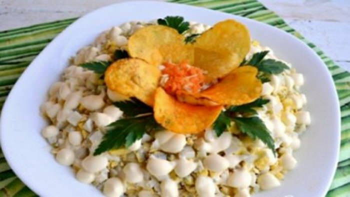- Отваренные яйца разделите на белки и желтки. Белки натрите на мелкой терке и выложите следующим слоем. Сверху снова смажьте майонезом. Из картофельных чипсов и измельченного желтка сделайте орхидеи. Украсьте зеленью по вкусу.
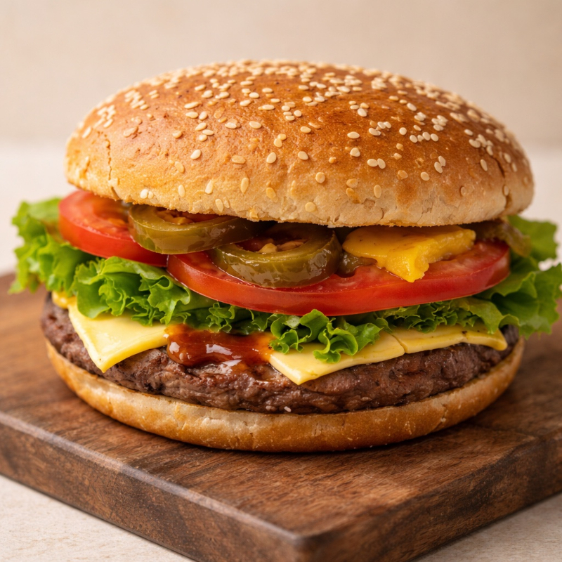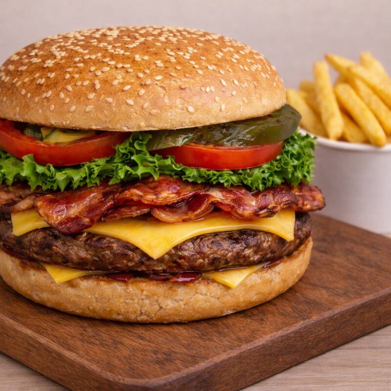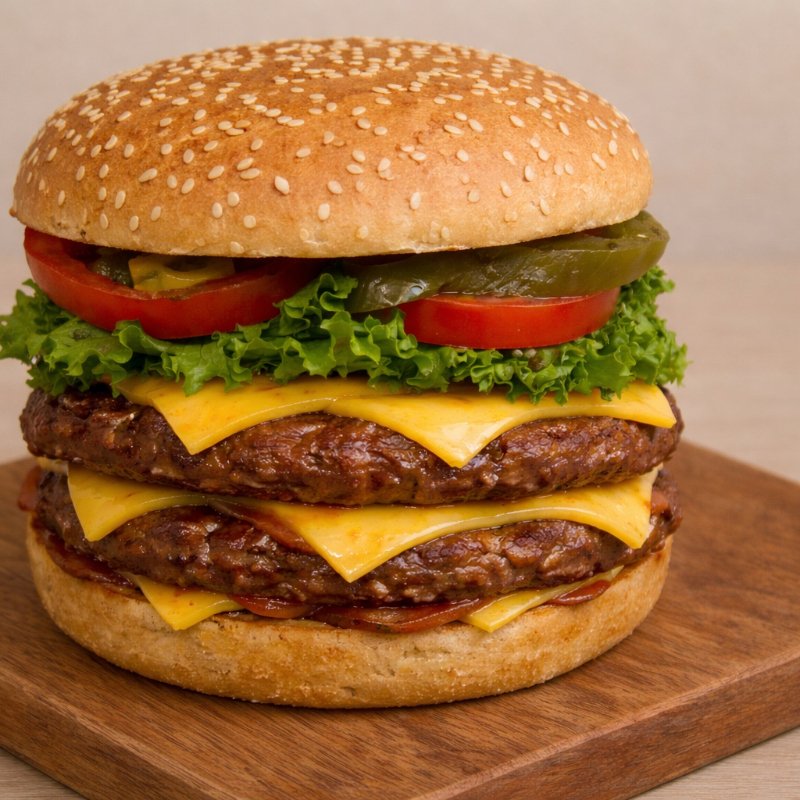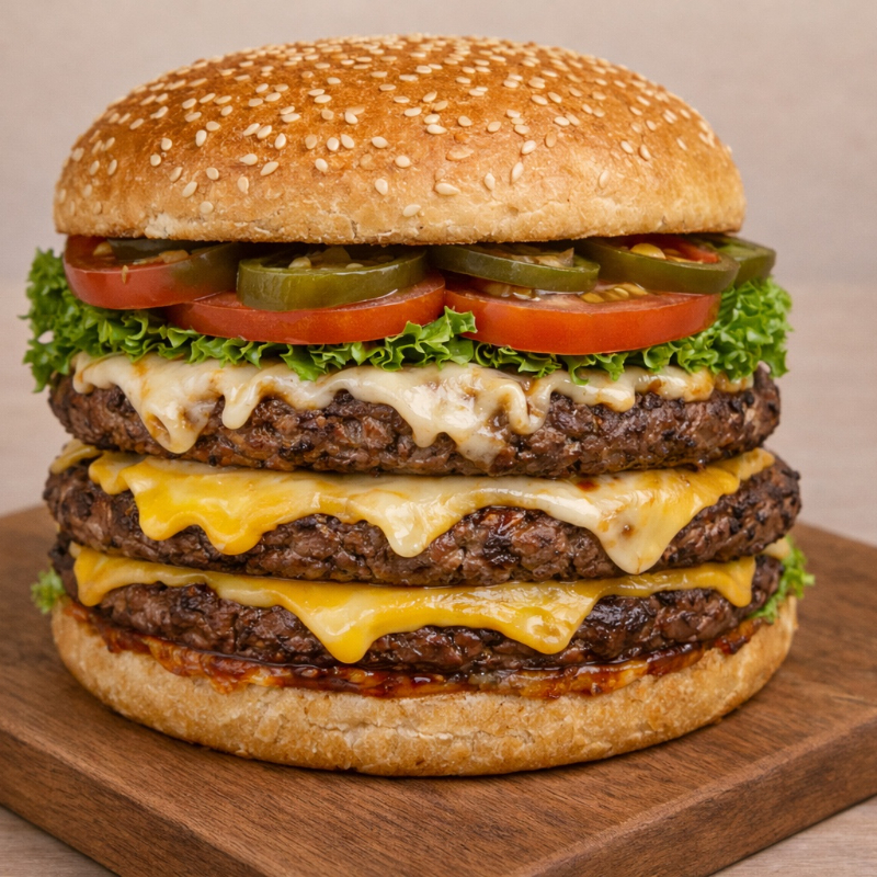 Hamburguesa de 3 Carnes (300 gramos), Doble Queso (60 gramos), en Pan con Mayonesa, Cátsup, Mostaza, Lechuga, Jitomate y Picante.
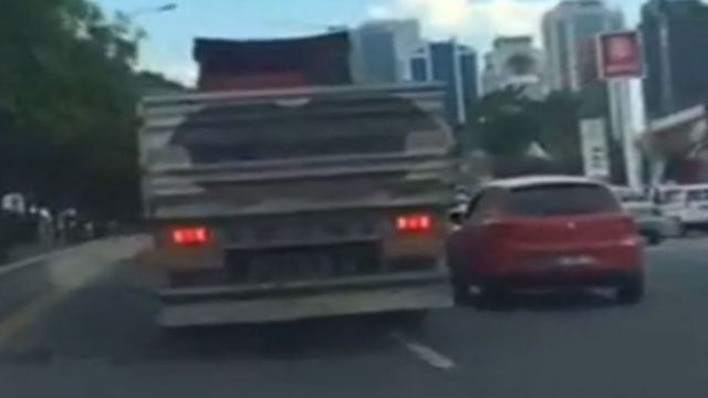 Ankara'da orta şeritte ilerleyen ve kendisine yol vermeyen otomobili, sıkıştıran tır sürücüsünün neden olduğu tehlikeli anlar başka bir aracın kamerası tarafından kaydedildi.
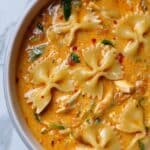 Marry Me Chicken Soup is a rich and creamy tomato-based soup featuring tender shredded chicken, sun-dried tomatoes, and bowtie pasta. Infused with Italian herbs and a blend of cream cheese and heavy cream, this hearty soup offers comforting flavors balanced with a hint of spice from red pepper flakes. Perfect for a cozy meal that feels indulgent yet wholesome.
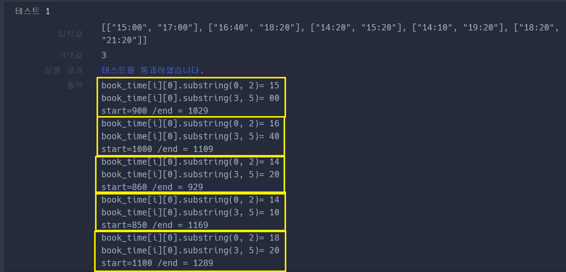 int start = Integer.parseInt(book_time[i][0].substring(0, 2))*60 + Integer.parseInt(book_time[i][0].substring(3, 5));
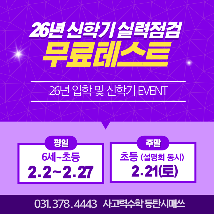 동탄시매쓰 신학기 실력점검! 2월 무료테스트
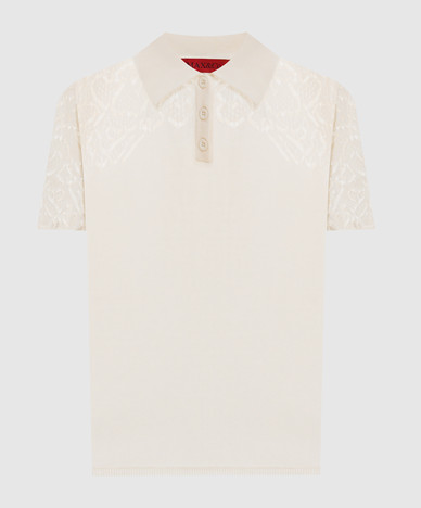 Синее поло с ажурной вышивкой
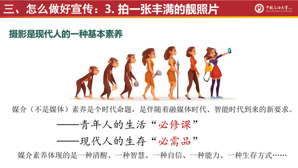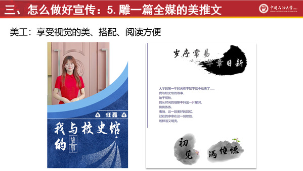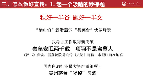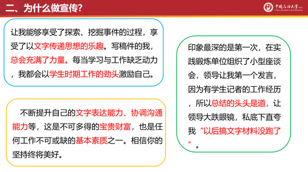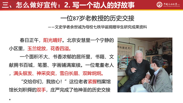 刘积舜以2005级大学生记者团团长翟广忠撰写的《石大简史:一所国字头大学的70年风雨路》及多篇深度好文为引,通过展示文字宣传能力在职业生涯发展中的长久必要性等,从责任、宣传的力量、成长成才的必由之路三个角度详细讲述了为什么做宣传。他表示语言表达、沟通、待人接物是全面发展人才必备的能力,为此要不断提升宣传与写作的能力。
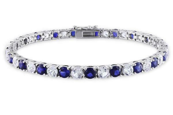 18Ct Round Cut Blue Sapphire Diamond Elegant Tennis Bracelet 14K White Gold Over

ASSIGNMENT => Excluding the pictures, restate the records above word for word.

SOLUTION TO THIS EXERCISE =>
- Отваренные яйца разделите на белки и желтки. Белки натрите на мелкой терке и выложите следующим слоем. Сверху снова смажьте майонезом. Из картофельных чипсов и измельченного желтка сделайте орхидеи. Украсьте зеленью по вкусу.
 Hamburguesa de 3 Carnes (300 gramos), Doble Queso (60 gramos), en Pan con Mayonesa, Cátsup, Mostaza, Lechuga, Jitomate y Picante.
 Ankara'da orta şeritte ilerleyen ve kendisine yol vermeyen otomobili, sıkıştıran tır sürücüsünün neden olduğu tehlikeli anlar başka bir aracın kamerası tarafından kaydedildi.
 Marry Me Chicken Soup is a rich and creamy tomato-based soup featuring tender shredded chicken, sun-dried tomatoes, and bowtie pasta. Infused with Italian herbs and a blend of cream cheese and heavy cream, this hearty soup offers comforting flavors balanced with a hint of spice from red pepper flakes. Perfect for a cozy meal that feels indulgent yet wholesome.
 int start = Integer.parseInt(book_time[i][0].substring(0, 2))*60 + Integer.parseInt(book_time[i][0].substring(3, 5));
 동탄시매쓰 신학기 실력점검! 2월 무료테스트
 Синее поло с ажурной вышивкой
 刘积舜以2005级大学生记者团团长翟广忠撰写的《石大简史:一所国字头大学的70年风雨路》及多篇深度好文为引,通过展示文字宣传能力在职业生涯发展中的长久必要性等,从责任、宣传的力量、成长成才的必由之路三个角度详细讲述了为什么做宣传。他表示语言表达、沟通、待人接物是全面发展人才必备的能力,为此要不断提升宣传与写作的能力。
 18Ct Round Cut Blue Sapphire Diamond Elegant Tennis Bracelet 14K White Gold Over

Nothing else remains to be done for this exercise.